Perhaps growth and development is bent and strange and circular, like space-time warped within our intellectual, emotional cavity. Several times I have seen space-time, and time travel, described like a piece of paper that can be folded back upon itself. My mind seems to work this way too. I return, I warp, but always perceive myself as moving forward.
I began a new painting yesterday. This is "2016 No.17". It does not feel revolutionary, but happily summative. That which I know is realized. This is me sitting pretty. I think I am accepting the place I am right now. In getting to know myself I have realized this: My pleasure in knowing something won't last long. I will enjoy it while I can. I believe this painting will spill from me like water from an overfilled pitcher. I am releasing tension, the over-filled container that I am, by simply doing, nice and easy. The work shown today was done two days ago. I have been distracted by the failure of an automobile. Yes, I am without a car in New Hampshire. The everyday life of things can remove one from the everyday life of the self. This thing that has failed literally drives me. It must be taken care of. This "taking care" removes me from the here and now. To decisively go forward I am required to take time, planning, money, and thought.
The work shown today is good. Both the drawing and the painting are exploring the centering of a form. These compositions have been built around a central form. My wife, she said to me, "I could have seen a circle there." Not me. My world demands a three-dimensional form, not a two-dimensional circle. So I am not posting every day now because I am getting to the studio early and don't always have the time or energy to post after the studio. But... the work is better! The energy in the studio is better! And, guess what!? A surprise! After viewing the reproduction of "Asparagus" (state 11) I realized the contrast between the central figure and the orange background was causing reproduction problems, which were indicative of actual painting problems. This is another reversal of fortune: The reproduction leads to change rather than the other way around! You can see the discussed reproduction (state 11) below. To its right is the reaction that enhanced the visual contrast (state 12). Yesterday's version is state 13 (above). Asparagus, States 11 & 12 During the same three days, represented by the three reproductions of Asparagus, I made the following three drawings. Drawings: 03·20·2015, 03·21·2015, 03·22·2015, pencil on paper, 11X14 inches 😃☞ Please remember, TO ENLARGE any reproduction CLICK on the reproduction!
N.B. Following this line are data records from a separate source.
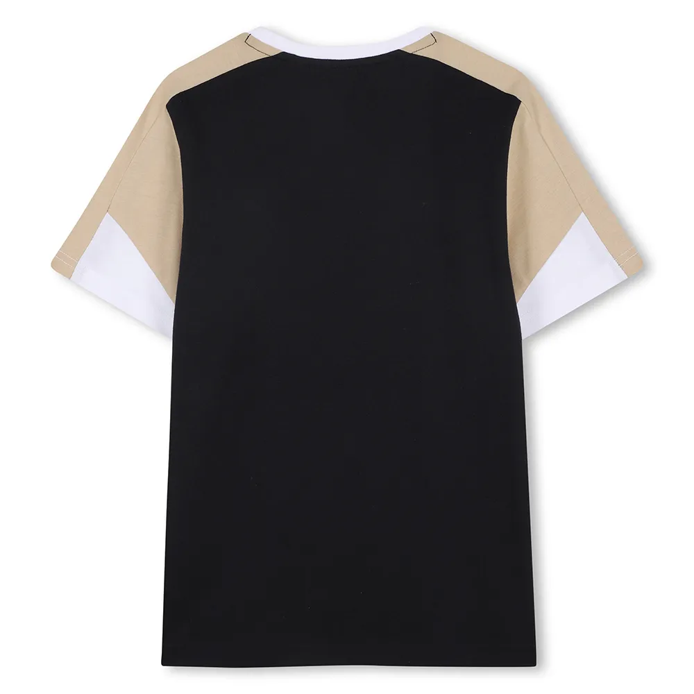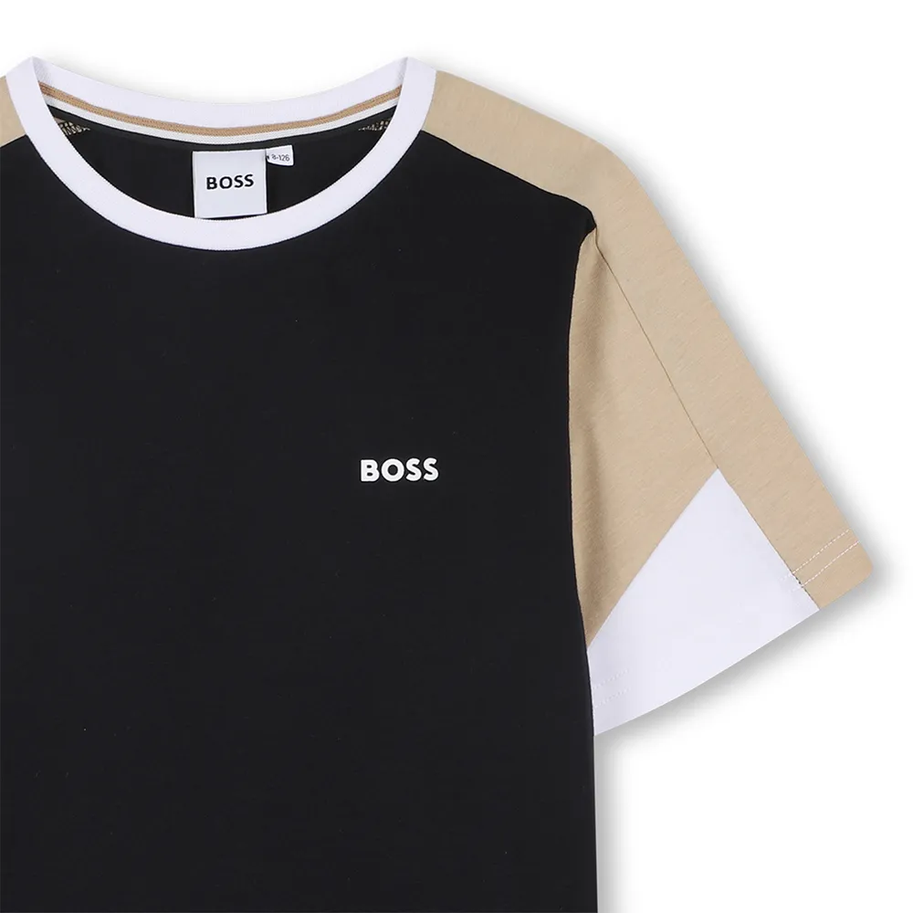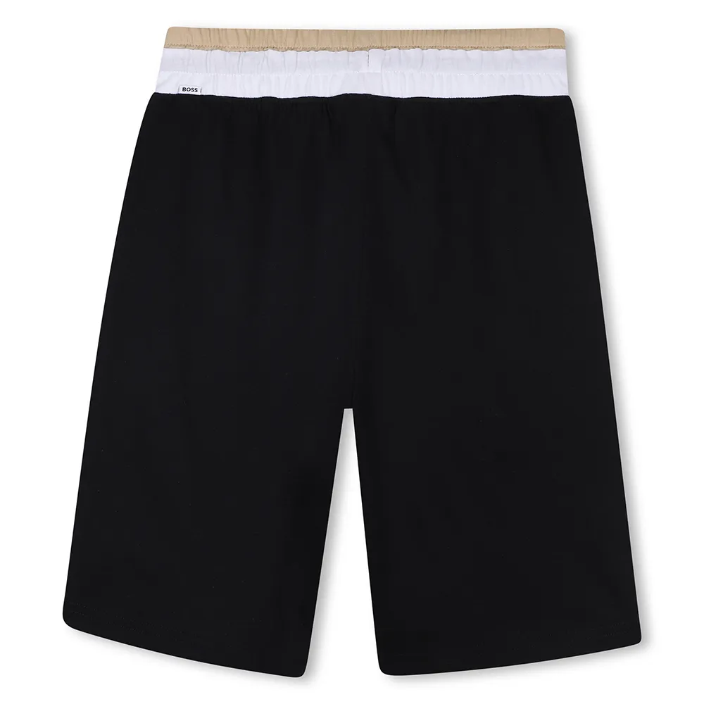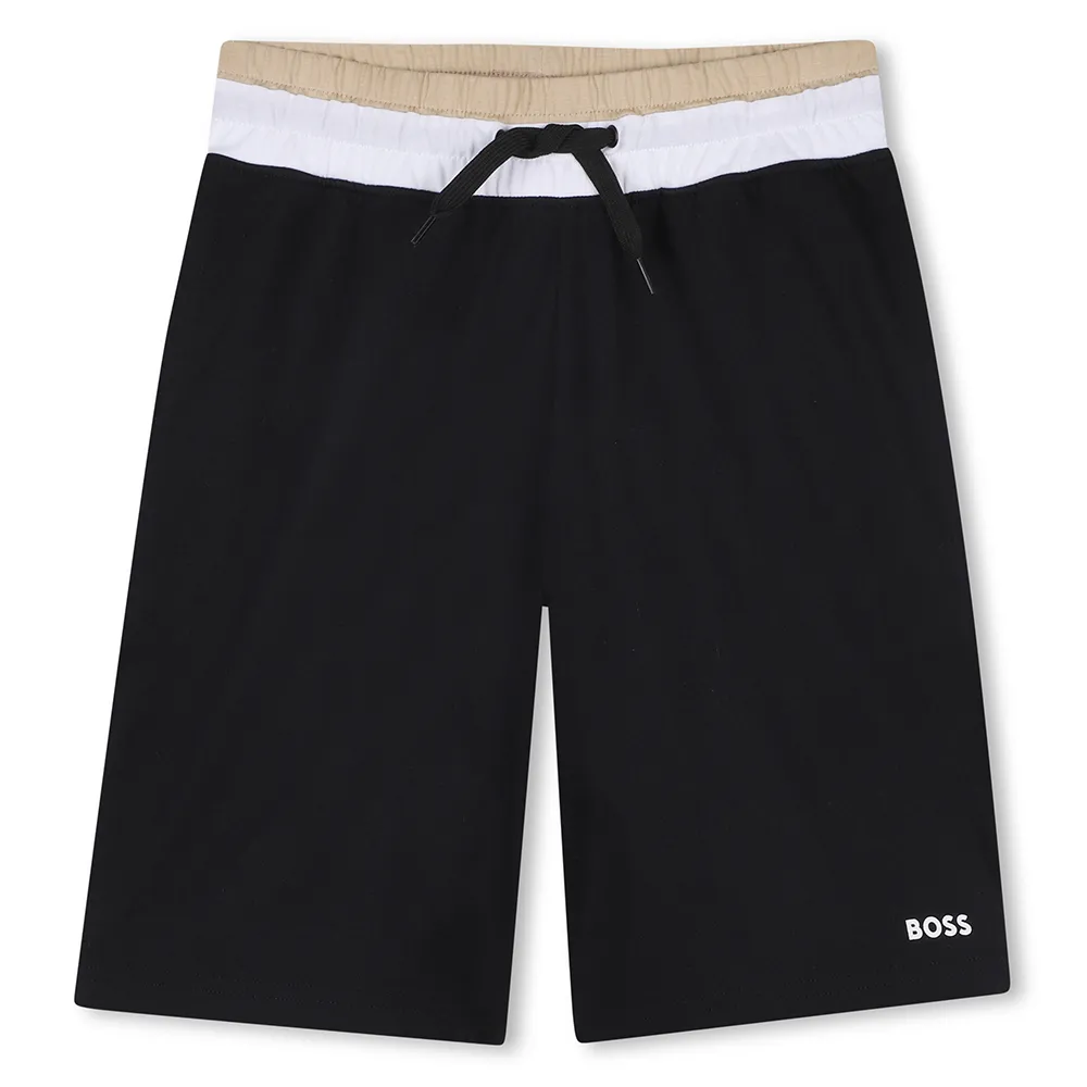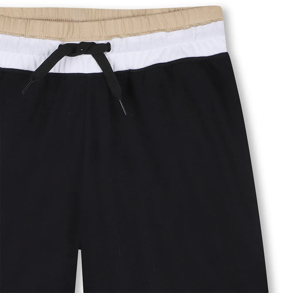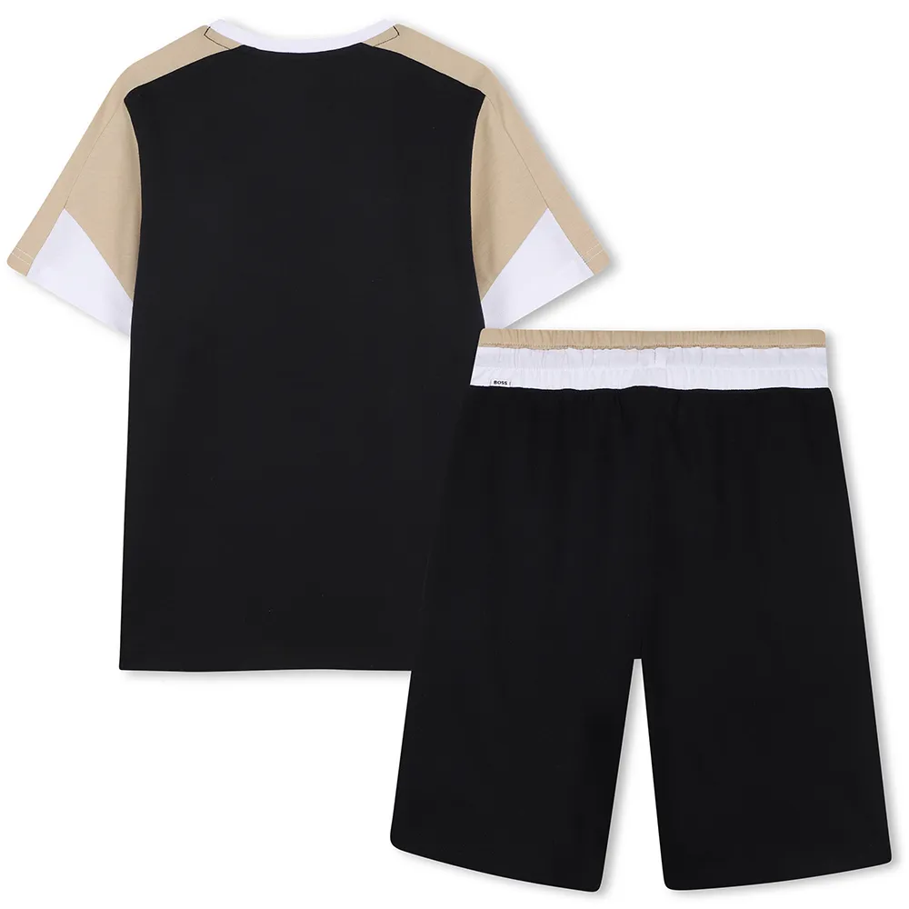 Комплект из футболки и шорт-бермуд из хлопкового трикотажа. Футболка с цветными вырезами на плечах. Логотип BOSS на груди. Шорты-бермуды с эластичным поясом в культовых цветах и регулируемым шнурком. Логотип BOSS напечатан в нижней части. Состав: 100% хлопок. Инструкции по уходу: Машинная стирка в холодной воде, не отбеливать, не сушить в сушилке, гладить при низкой температуре, химчистка запрещена.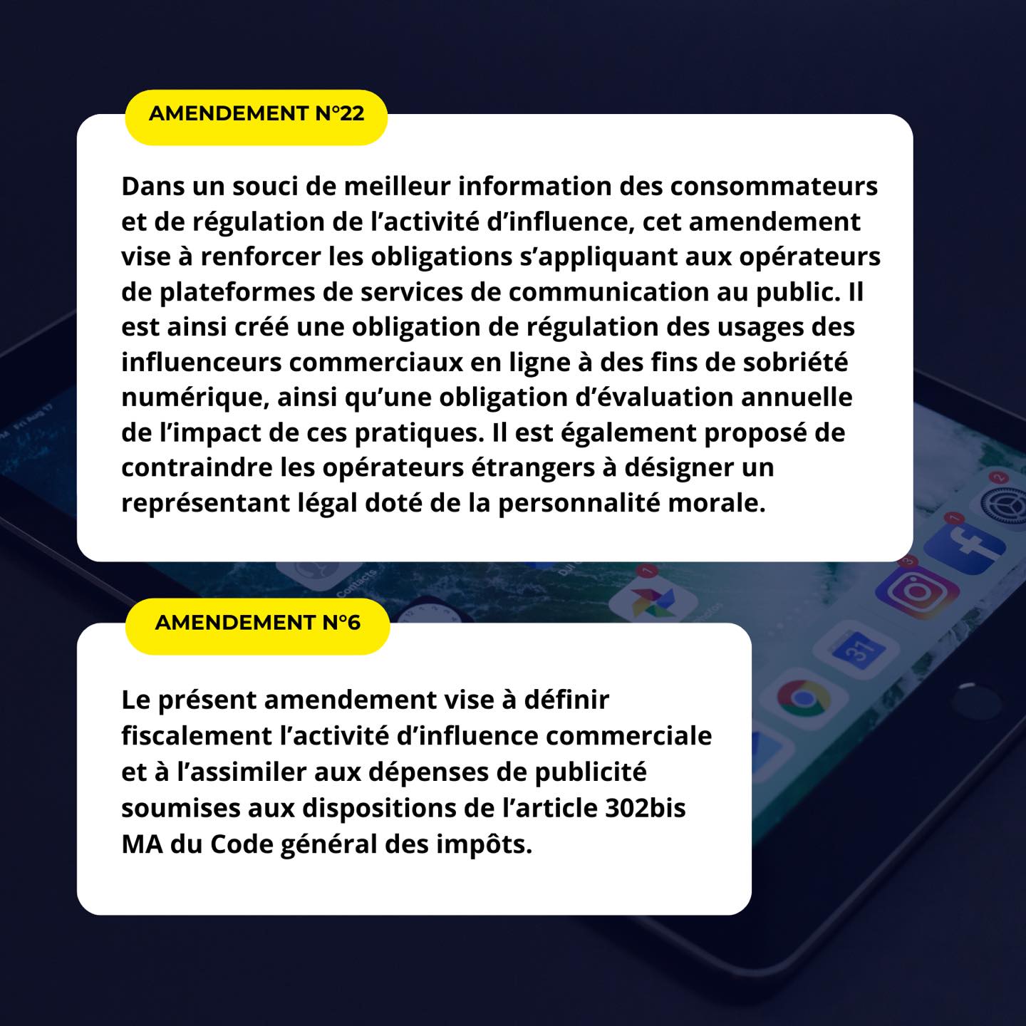 Lors du Projet de Loi de Finances 2023, j’avais déjà déposé un amendement pour taxer les placements de produit sur les réseaux sociaux. Cet amendement visait à instaurer une taxe de 5% sur la publicité en ligne relayée par les créateurs de contenus à forte exposition médiatique sur les réseaux sociaux (« influenceurs »).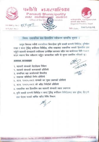 रासायनिक मल डिलरशिप नवीकरण सम्बन्धि सूचना ।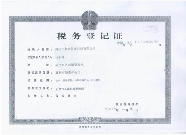 歡迎來(lái)到鞏義市新躍供水材料有限公司官方網(wǎng)站!您現(xiàn)在訪問(wèn)的是:《稅務(wù)登記證》頁(yè)面,如需幫助請(qǐng)致電:13140066578 或 0371-64100988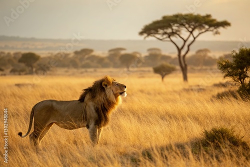 Majestic Lion Standing Proudly in a Golden Sunset Savannah Landscape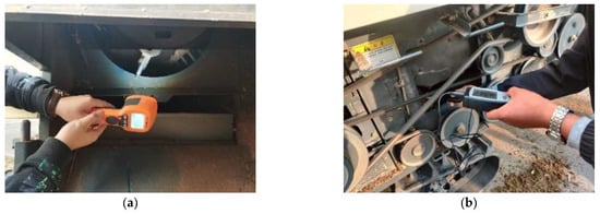 Determination of threshing drum speed and centrifugal fan airspeed on the prototype: (a) Threshing drum speed determination. (b) Centrifugal fan outlet air velocity determination.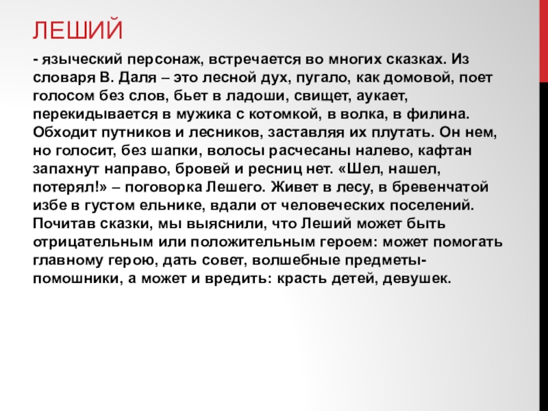 – это лесной дух, пугало, как домовой, поет голосом без слов, бьет в ладоши, свищет, аукает, перекидывается в мужика с котомкой, в волка, в филина. Обходит путников и лесников, заставляя их плутать. Он нем, но голосит, без шапки, волосы расчесаны налево, кафтан запахнут направо, бровей и ресниц нет. «Шел, нашел, потерял!» – поговорка Лешего. Живет в лесу, в бревенчатой избе в густом ельнике, вдали от человеческих поселений. Почитав сказки, мы выяснили, что Леший может быть отрицательным или положительным героем: может помогать главному герою, дать совет, волшебные предметы-помошники, а может и вредить: красть детей, девушек.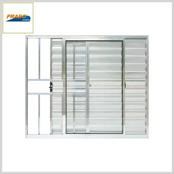 Veneziana de Correr Malta Alumínio Brilhante 3Folhas c/Vidro+Grade - 1.00 x 1.00 x 7.4cm (ab.lat) - Prado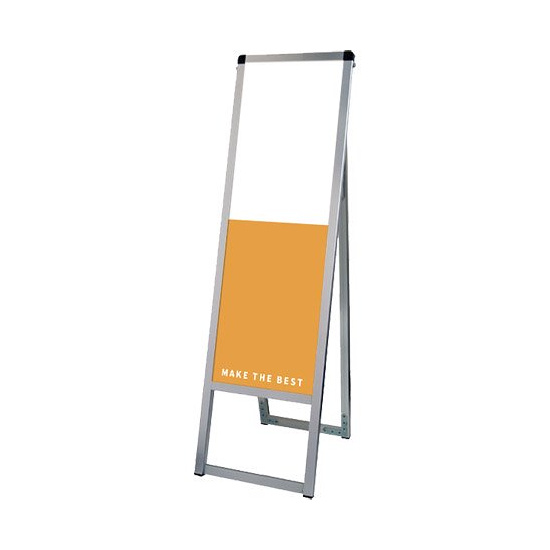 - フレーム幅が22mmと細くスッキリとして見栄えのスタンダードなA型看板。MADE IN JAPANの安心の日本製で耐久性も抜群。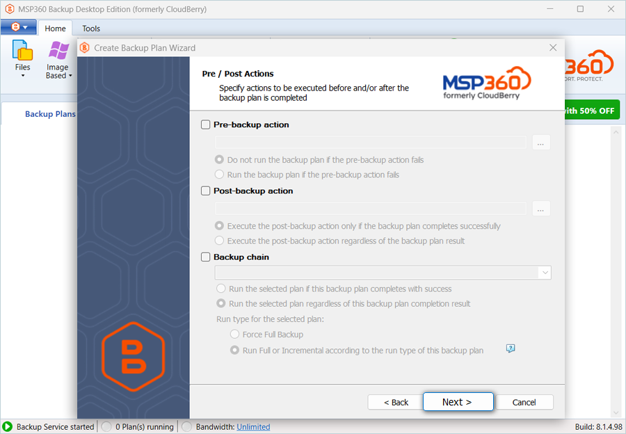 - Update the Pre-backup and Post-backup action preferences and notifications as needed, and then click Next.
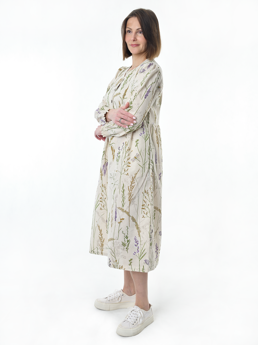 Платье льняное женское #117, "шалфей" изготавливается из ткани с составом 50% лён, 50% хлопок.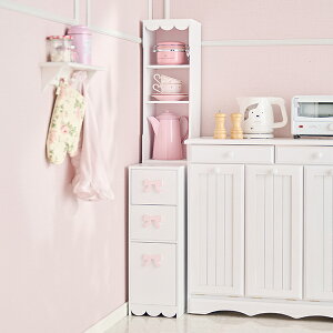 リボンにスカラップフリル♪かわいいを詰め込んだ収納ラック♪幅20cmでちょっとした隙間を有効活用できる隙間収納ラック。フロントの淡いピンクのリボンがとびきりガーリーで、オープン部のスカラップフリルがかわいい。オープン部の背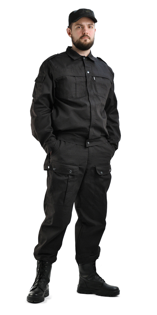 Брюки под широкий ремень, гульфик на молнию и кнопки, верхние боковые карманы, накладные объёмные карманы с клапаном на кнопки, усилительные накладки в области колен, на задней половинке фигурный накладной карман с фигурным клапаном, под клапаном патронташ, низ брюк под резинку, имеется пуфта со штрипкой.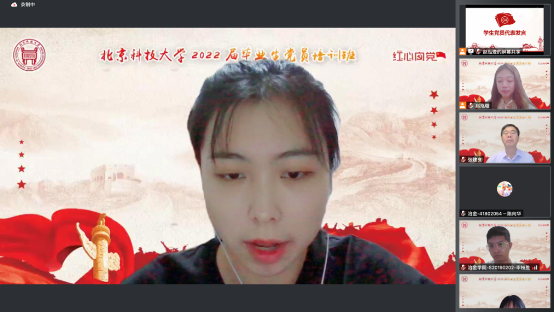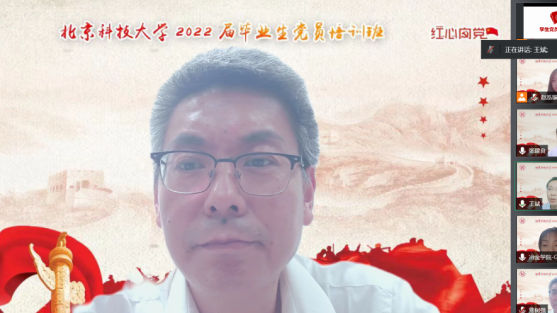 为深入学习贯彻习近平新时代中国特色社会主义思想,进一步做好对毕业生党员的思想教育和价值引领工作,帮助毕业生党员坚定理想信念,增强社会责任感和使命感,引导成为“听党话、跟党走、有理想、有本领、具有为国奉献钢筋铁骨的高素质人才”,根据学校员工党员集中培训实施方案相关要求,6月16日晚19:30,冶金与生态工程公司党委于线上举办2022届毕业生党员培训班生涯启航党课暨毕业生党员党校结业仪式。冶金与生态工程公司党委书记张建良、经理焦树强、党委秘书陈怡凌、全体毕业班辅导员出席,党委副书记、副经理王斌主持会议。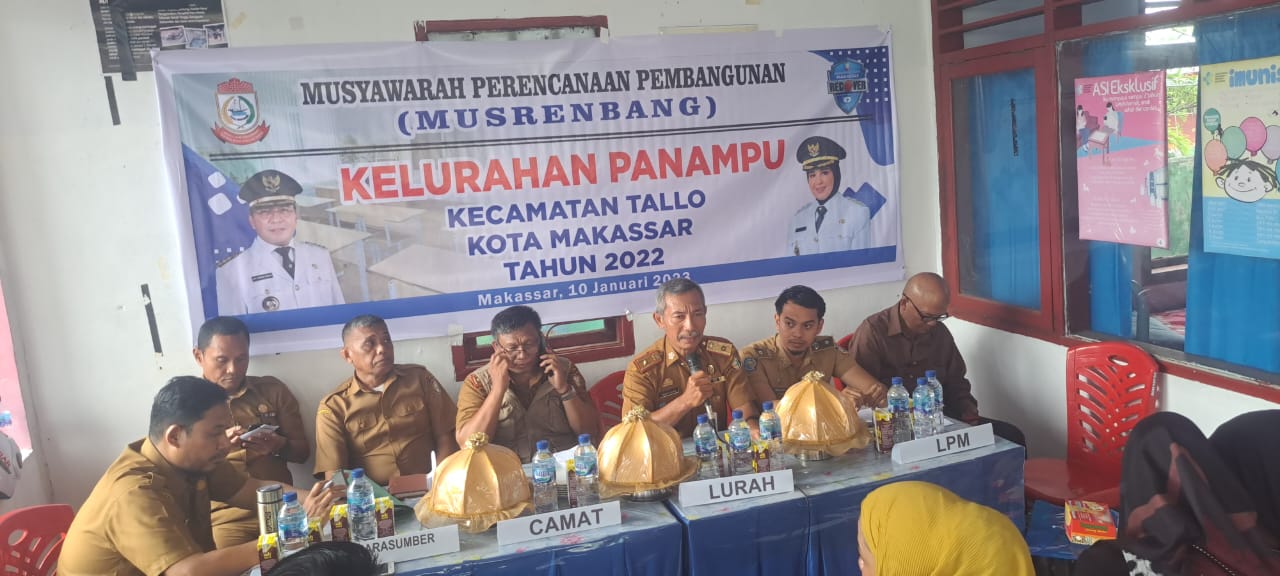 “Bappeda Kota Makassar sebagai Narasumber Dinas PU, Dinas Perhubungan, Dinas Pendidikan, Dinas Pariwisata, Kepala Puskesmas, Kesbangpol, DP3A, Perusda Kota Makassar, Tokoh Masyarakat, Ketua LPM Kelurahan Pannampu dan RT/RW Kelurahan Pannampu,” kata Nimrod Sembe.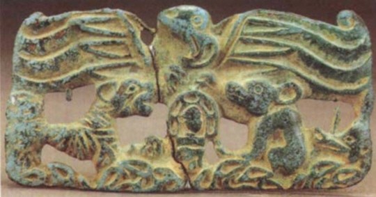 17681796362774.jpg요령성 평강지구에서 출토된 ‘새’ 토템족이 ‘곰’ 토템족, ‘범’ 토템족, ‘이리’ 토템족을 휘하에 거느린 동안의 청동장식.

I did not count the marks, 1, 2, 3... a million. But I do know that it took the entire studio session to make today's drawing. Yes, this blog post is different. I am posting on the day of the drawing, not the day after. This new methodology feels right. I had hoped to get to painting but it did not happen. I had the energy to stick with solving the nitty gritty problems of this drawing as I encountered all kinds of strangeness. Getting out to studio immediately after the acts of waking and nourishment is energizing. The limit to my work is the limit of my ideas. That is exactly the description that defines today's drawing.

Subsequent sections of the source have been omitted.